Tuesday, November 25, 2008

Thanksgiving with the Talon'ted Gourmet

Thanksgiving's coming, and whenever I notice a new cookbook or TV cooking special, I can't help but chuckle. Imagine needing lessons in how to prepare food! Between our own instincts and the education our parents provide, we hardly need to turn to Rachael Ray to learn how to deal with a turkey.

Now humans must have a rather delicate digestive system or something, because they add all kinds of steps to what is a simple and basic all-American meal. Yet, oddly enough, those TV specials don't explain the most fun, but the trickiest, part of preparing a turkey dinner--getting that turkey in the first place.
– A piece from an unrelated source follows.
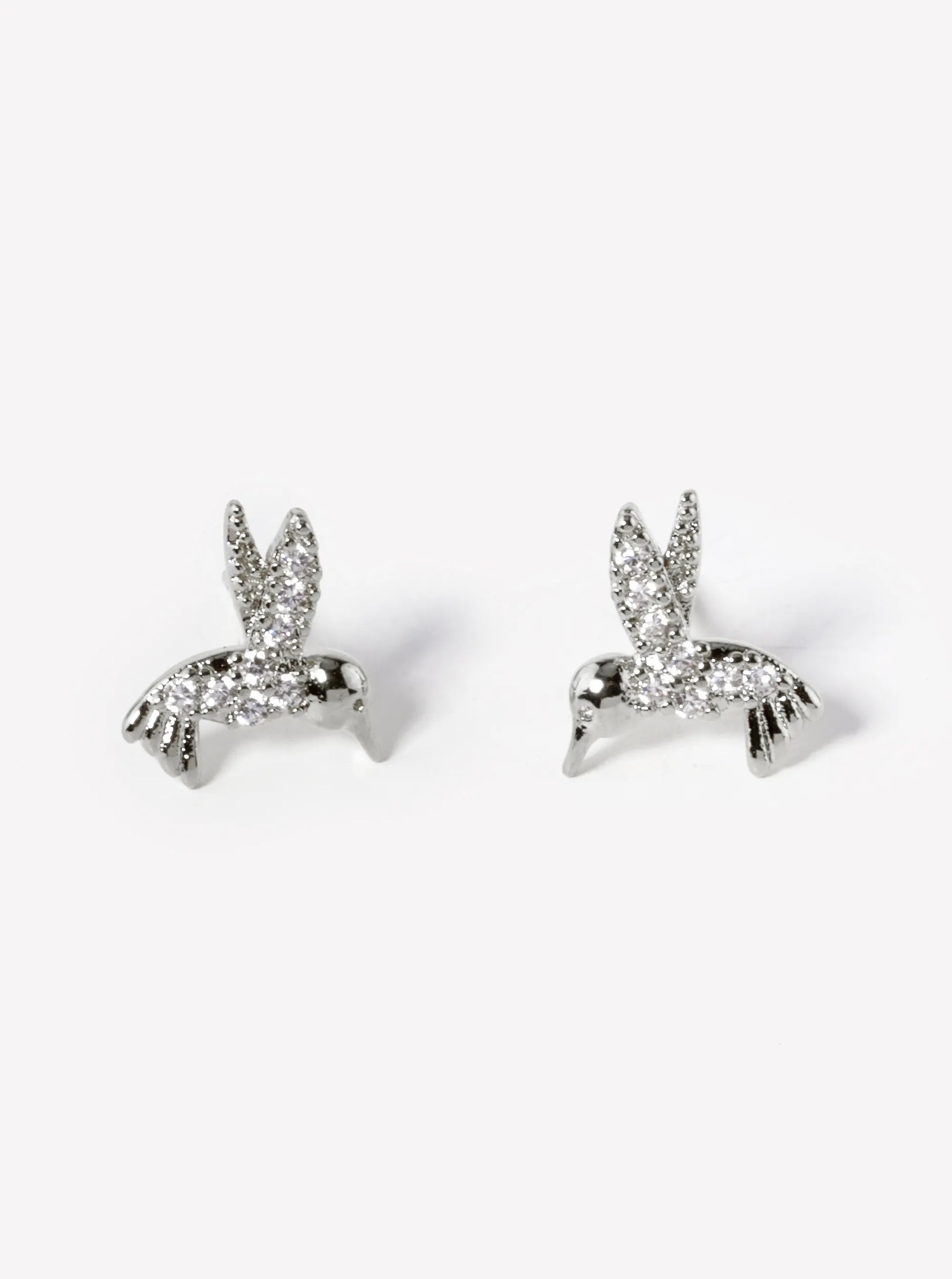 White Gold Dipped CZ Pave Kingfisher Bird Stud Earrings

I've gotten pretty good at this, if I do say so myself.

The first step is, of course, to figure out where turkeys roost in your neck of the woods. You want to make your move fairly early at night, but after it's completely dark. You fly in and pick out the one with the fewest branches around her. Yes--I prefer hens to toms--they're smaller and face it, you're not going to eat the whole thing in one sitting. When you grab her back, you have to be quick and careful. The wings are so thick that you're probably not going to get a toehold, so right as your feet make contact, give her a big, powerful bite on the back of the neck. Try to hit the jugular--it's easier than you'd think if you pick one who's tucked in her head. If you do it right, she'll drop out of the tree easy as pie.

So there you have it. The tricky part is done. I always eat the head first--one good clean bite and you have a cropful without getting hardly any blood on your facial feathers. If I'm not very hungry, I leave it at that. But if I'm really hungry, I go for the breast meat. Don't get me wrong--I'm not the least bit worried about my cholesterol level. But that's the biggest chunks of meat. You're never going to get through that keel bone, and the wings make ripping into the back tricky. You might like the guts, especially if you're feeling like you need a bit of predigested plant material. Turkey guts can be mighty tasty if it's a good acorn year.

While you're feasting, the most important thing is to keep a lookout for foxes. I once heard someone say that Rachael Ray is a fox, but really, she wouldn't hurt a fly.